BEGIN Data supplied

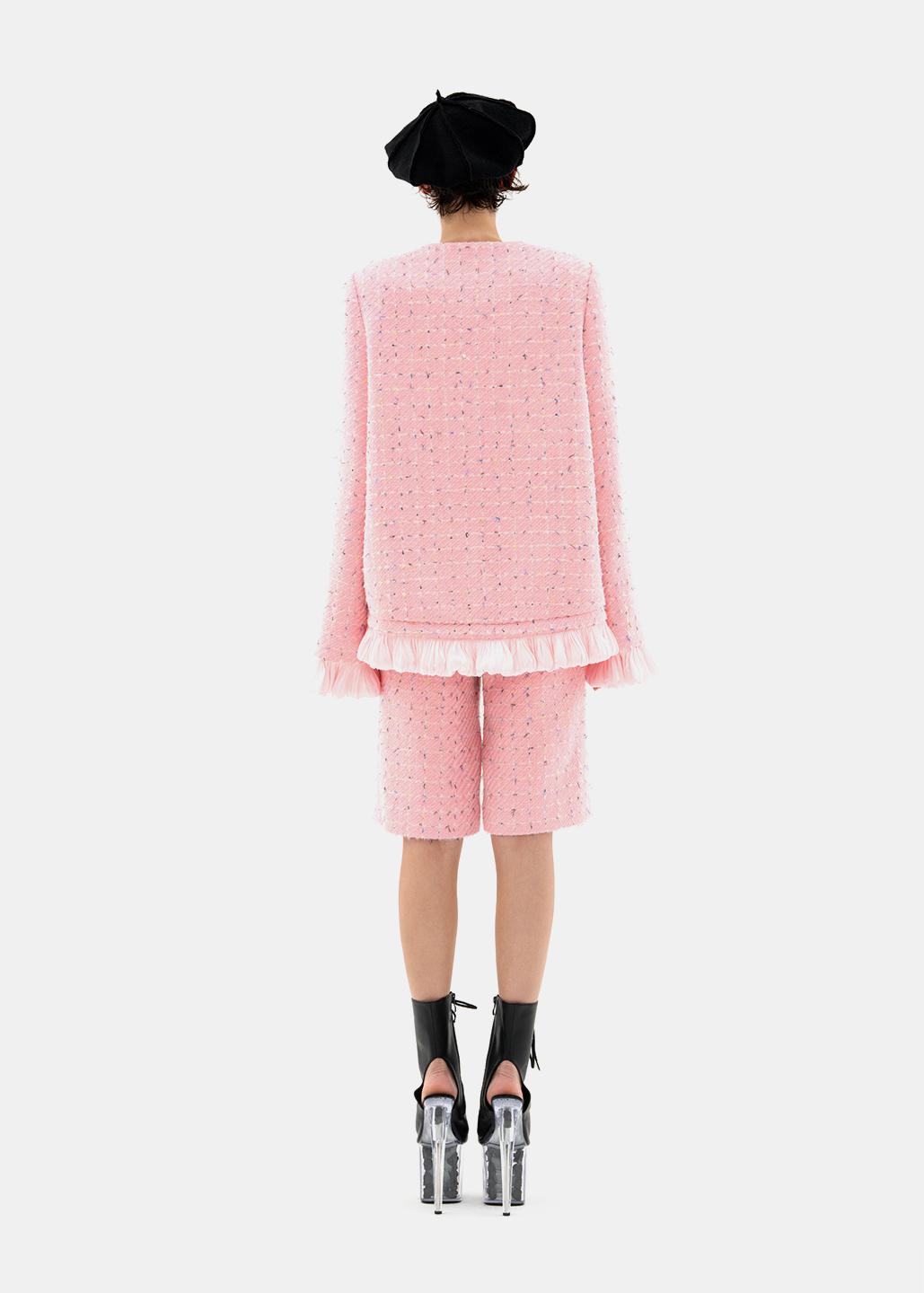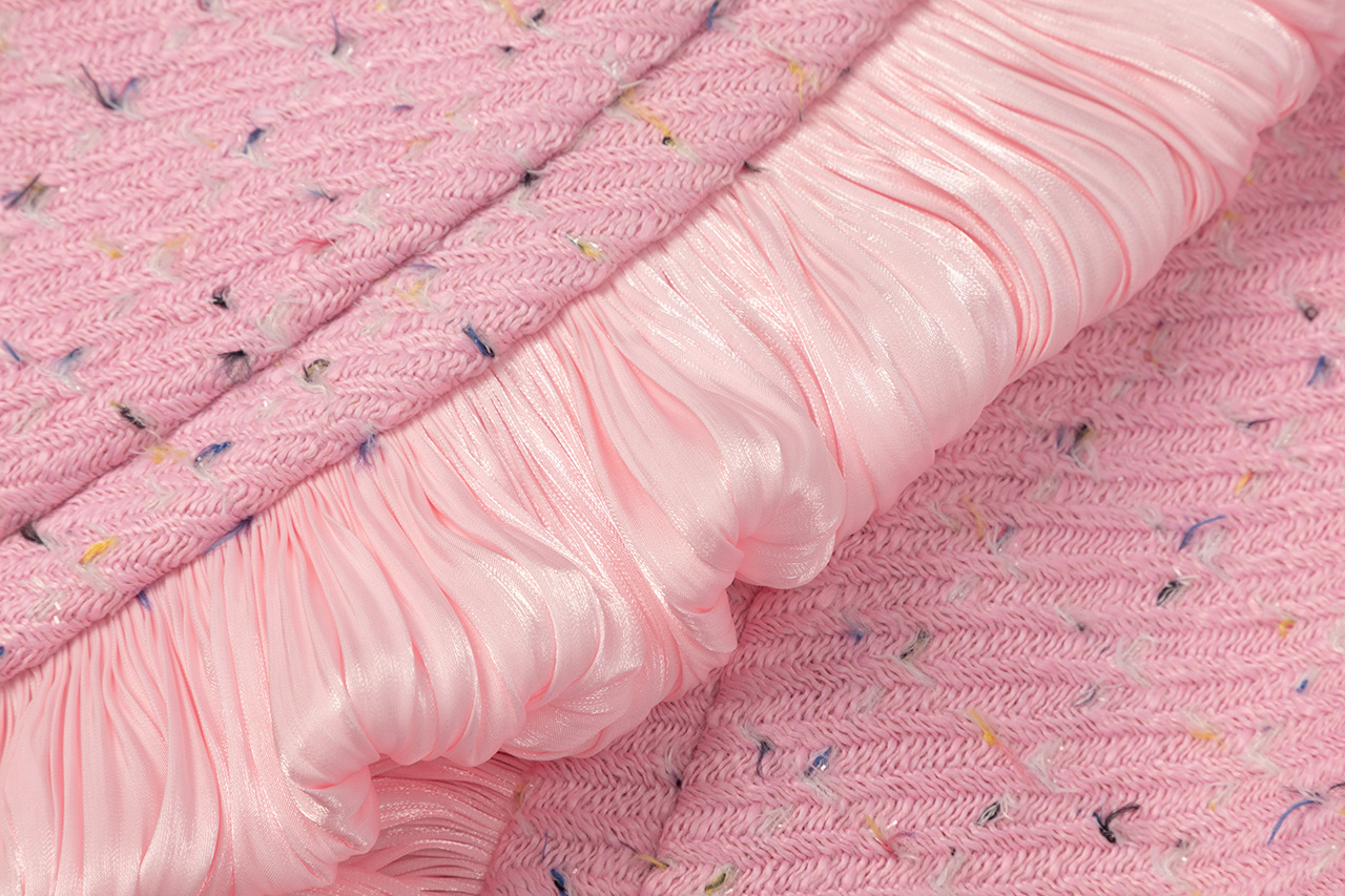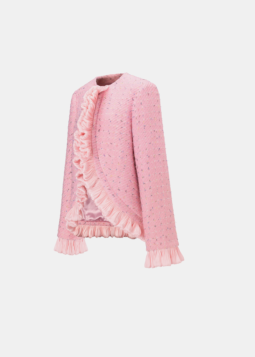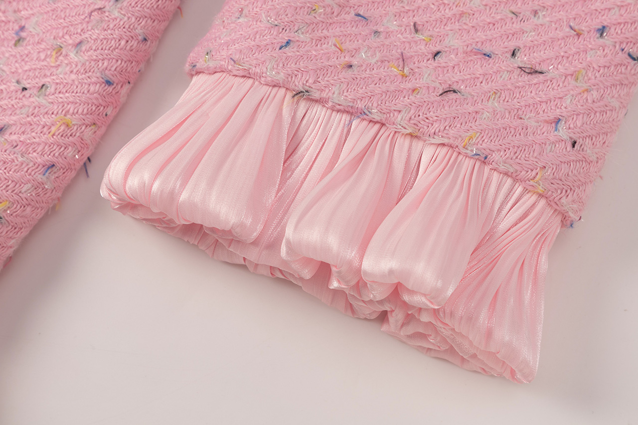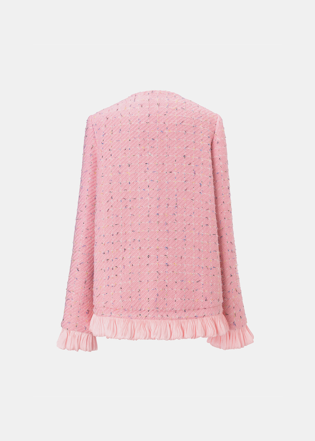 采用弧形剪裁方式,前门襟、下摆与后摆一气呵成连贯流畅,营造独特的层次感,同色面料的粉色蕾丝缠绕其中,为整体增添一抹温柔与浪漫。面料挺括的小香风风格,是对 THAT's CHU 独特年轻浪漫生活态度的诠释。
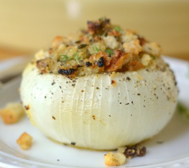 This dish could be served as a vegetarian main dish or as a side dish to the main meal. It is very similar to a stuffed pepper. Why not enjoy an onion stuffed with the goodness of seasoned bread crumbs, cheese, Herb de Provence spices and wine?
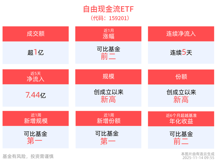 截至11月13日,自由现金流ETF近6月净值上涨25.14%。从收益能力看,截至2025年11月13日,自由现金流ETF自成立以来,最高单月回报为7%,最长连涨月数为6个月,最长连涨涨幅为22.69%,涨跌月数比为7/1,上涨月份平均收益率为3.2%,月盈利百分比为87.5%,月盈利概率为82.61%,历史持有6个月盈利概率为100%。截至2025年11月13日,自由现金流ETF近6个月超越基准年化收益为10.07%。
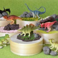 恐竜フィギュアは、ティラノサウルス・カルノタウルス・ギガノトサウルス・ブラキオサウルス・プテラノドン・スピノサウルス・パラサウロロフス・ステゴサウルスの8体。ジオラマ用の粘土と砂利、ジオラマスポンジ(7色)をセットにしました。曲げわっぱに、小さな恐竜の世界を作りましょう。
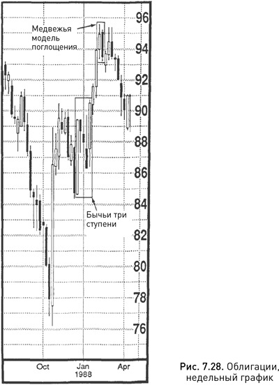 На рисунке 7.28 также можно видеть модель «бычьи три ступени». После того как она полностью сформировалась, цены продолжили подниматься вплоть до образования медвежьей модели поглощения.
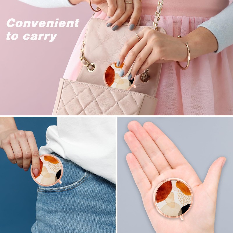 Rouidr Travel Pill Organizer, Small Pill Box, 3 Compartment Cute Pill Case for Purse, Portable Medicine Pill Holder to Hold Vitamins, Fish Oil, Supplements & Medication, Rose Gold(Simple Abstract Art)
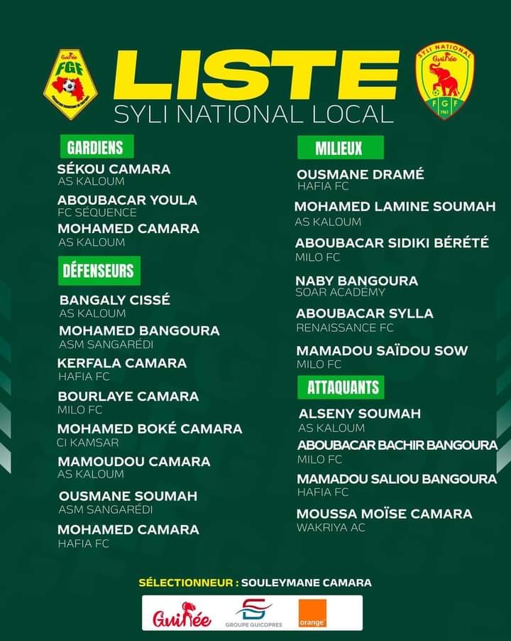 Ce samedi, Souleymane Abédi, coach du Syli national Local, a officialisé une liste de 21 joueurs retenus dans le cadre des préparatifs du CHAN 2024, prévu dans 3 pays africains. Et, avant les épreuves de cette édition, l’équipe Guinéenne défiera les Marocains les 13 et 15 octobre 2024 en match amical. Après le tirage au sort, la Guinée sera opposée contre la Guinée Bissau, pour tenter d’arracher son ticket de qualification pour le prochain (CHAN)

END Data supplied

▶ [Your instructions] Apart from the pictures, the whole listing should be reproduced exactly.

▶ [Solution to this exercise]
 采用弧形剪裁方式,前门襟、下摆与后摆一气呵成连贯流畅,营造独特的层次感,同色面料的粉色蕾丝缠绕其中,为整体增添一抹温柔与浪漫。面料挺括的小香风风格,是对 THAT's CHU 独特年轻浪漫生活态度的诠释。
 This dish could be served as a vegetarian main dish or as a side dish to the main meal. It is very similar to a stuffed pepper. Why not enjoy an onion stuffed with the goodness of seasoned bread crumbs, cheese, Herb de Provence spices and wine?
 截至11月13日,自由现金流ETF近6月净值上涨25.14%。从收益能力看,截至2025年11月13日,自由现金流ETF自成立以来,最高单月回报为7%,最长连涨月数为6个月,最长连涨涨幅为22.69%,涨跌月数比为7/1,上涨月份平均收益率为3.2%,月盈利百分比为87.5%,月盈利概率为82.61%,历史持有6个月盈利概率为100%。截至2025年11月13日,自由现金流ETF近6个月超越基准年化收益为10.07%。
 恐竜フィギュアは、ティラノサウルス・カルノタウルス・ギガノトサウルス・ブラキオサウルス・プテラノドン・スピノサウルス・パラサウロロフス・ステゴサウルスの8体。ジオラマ用の粘土と砂利、ジオラマスポンジ(7色)をセットにしました。曲げわっぱに、小さな恐竜の世界を作りましょう。
 На рисунке 7.28 также можно видеть модель «бычьи три ступени». После того как она полностью сформировалась, цены продолжили подниматься вплоть до образования медвежьей модели поглощения.
 Rouidr Travel Pill Organizer, Small Pill Box, 3 Compartment Cute Pill Case for Purse, Portable Medicine Pill Holder to Hold Vitamins, Fish Oil, Supplements & Medication, Rose Gold(Simple Abstract Art)
 Ce samedi, Souleymane Abédi, coach du Syli national Local, a officialisé une liste de 21 joueurs retenus dans le cadre des préparatifs du CHAN 2024, prévu dans 3 pays africains. Et, avant les épreuves de cette édition, l’équipe Guinéenne défiera les Marocains les 13 et 15 octobre 2024 en match amical. Après le tirage au sort, la Guinée sera opposée contre la Guinée Bissau, pour tenter d’arracher son ticket de qualification pour le prochain (CHAN)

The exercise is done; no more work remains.